Good cruise dose following a bulk?

How many weeks you run that cycle and what cruise dose after you finish?
12 weeks for me. If I cruise on Test only, around 250mg/wk. If I keep the nandrolone for joints, I do 200 Test and 100 Deca. You could always stick with the Mix and just do .25 mL twice a week. That would get you to the 200mg Test and 100mg Nandrolones.
 
12 weeks for me. If I cruise on Test only, around 250mg/wk. If I keep the nandrolone for joints, I do 200 Test and 100 Deca. You could always stick with the Mix and just do .25 mL twice a week. That would get you to the 200mg Test and 100mg Nandrolones.
Thanks. Will you run 200 test and 100 deca for 12 weeks before your next blast and how’s your lipid profile on that cruise?

I appreciate your advice
 
Thanks. Will you run 200 test and 100 deca for 12 weeks before your next blast and how’s your lipid profile on that cruise?

I appreciate your advice
Yes, give or take. Depending on labs. Two supplements you might consider are Citrus Bergamot and Liv52. They have favorable studies for improving lipids. Liv52 is intended to improve liver health, hence the name. When I take orals, I add extra Liv52 and TUDCA. I'm not the herbal guru, so do some research and see if they sound good to you. I used to take Niacin to help with lipids, but that can add extra stress on your liver, so I changed it up. My levels fall back in line quickly with those supps. Cardio really helps get the HDL up. Also recommend 100mg of Vitamin B6 if you use Nandrolones. I can keep prolactin down with just B6 and haven't needed caber, etc.
 
300mg test U every other week puts me right at 600 total t right before my next shot, with insanely high free test. That is what works for me. If I was doing test e I might do like 70 mg twice a week or maybe as low as 60mg.
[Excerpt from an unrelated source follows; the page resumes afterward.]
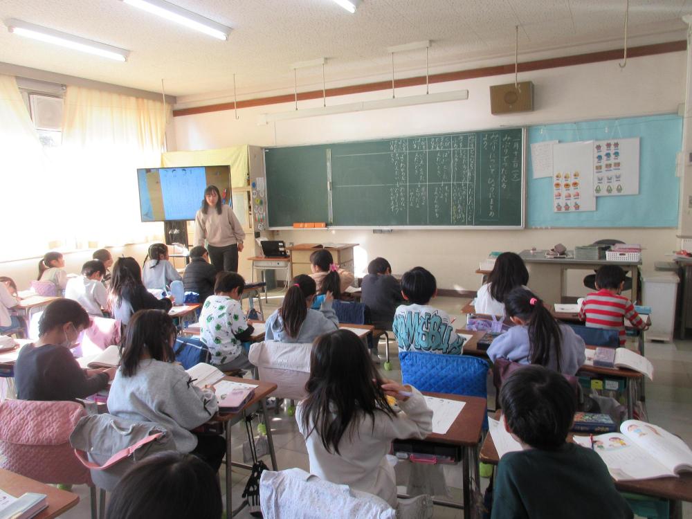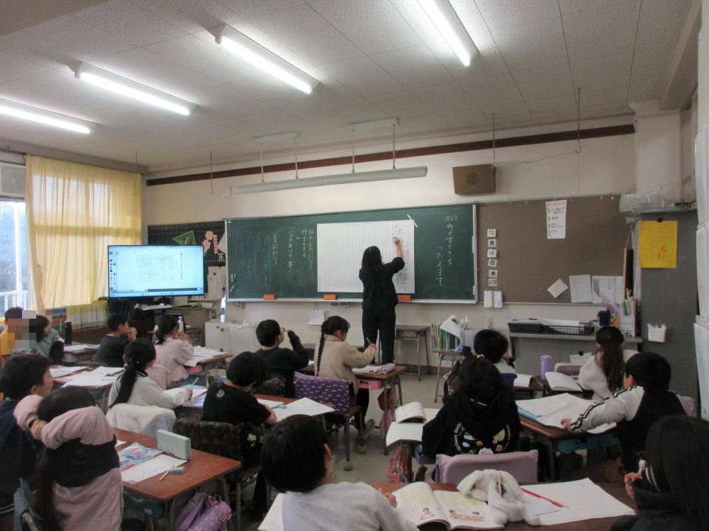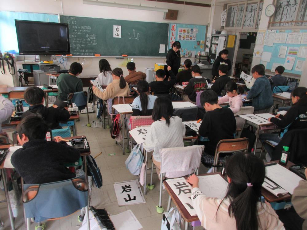 4年生 ぴんと張りつめた空気の中、集中して書いていました。

the point of a cruise is to get within a normal range. 200mg+ is a permablast and is not so healthy long term. If you wana get cheeky add 100mg primo per week for a great look!
 
300mg test U every other week puts me right at 600 total t right before my next shot, with insanely high free test. That is what works for me. If I was doing test e I might do like 70 mg twice a week or maybe as low as 60mg.

the point of a cruise is to get within a normal range. 200mg+ is a permablast and is not so healthy long term. If you wana get cheeky add 100mg primo per week for a great look!
Good advice Hutch1

how long do you run your cruise before you do another blast?
 
My coach had me at 175 test and 200mg Primo after a big bulk.
It's a but reckless, but it certainly does the trick, I find bloods stay good with that run as well, so long as nutrition and supplements are on point.

That said
I'm very interested to see what you settle on, you're a lot bigger than me and I want to see your cruise results.
The primo didn’t affect your cholesterols at that dose
 
@malfeasance what you want is super easy.

Just run 250 Test ew + 10iu HGH ed.
If you check on Professionalmuscle, Stu Sutherland runs that post show and holds all his size and gets healthier.

Consider that he is an Open Pro bodybuilder...
 
Last edited:
@malfeasance what you want is super easy.

Just run 250 Test ew + 10iu HGH ed.
If you check on Professionalmuscle, Stu Sutherland runs that post show and holds all his size and gets healthier.

Consider that he is an Open Pro bodybuilder...
Thanks. This thread is now more than four years old, though.

After I hit 251 pounds, I pulled the plug on competitive bodybuilding for good. I tried to eat a little more like normal people (although I could not adjust to three meals a day, so I dropped down to 4). I spent two years with testosterone at 75mg a week. At some point during that still was not dropping body weight or blood pressure well enough to suit me . . . but I was not doing extreme bodybuilding prep type dieting, either, and every time I got back in the gym I would put weight back on, so I ended up taking 9 months out of the gym, which got me down into the 220s.

Late 50s now, blood pressure reasonably under control with medication, and competitive bodybuilding is behind me.

I keep my testosterone at 120mg a week now, because my e2 was in the single digits at 75mg.

I can train now and enjoy it, without feeling the need to get that last 1%, LOL.
 
Thanks. This thread is now more than four years old, though.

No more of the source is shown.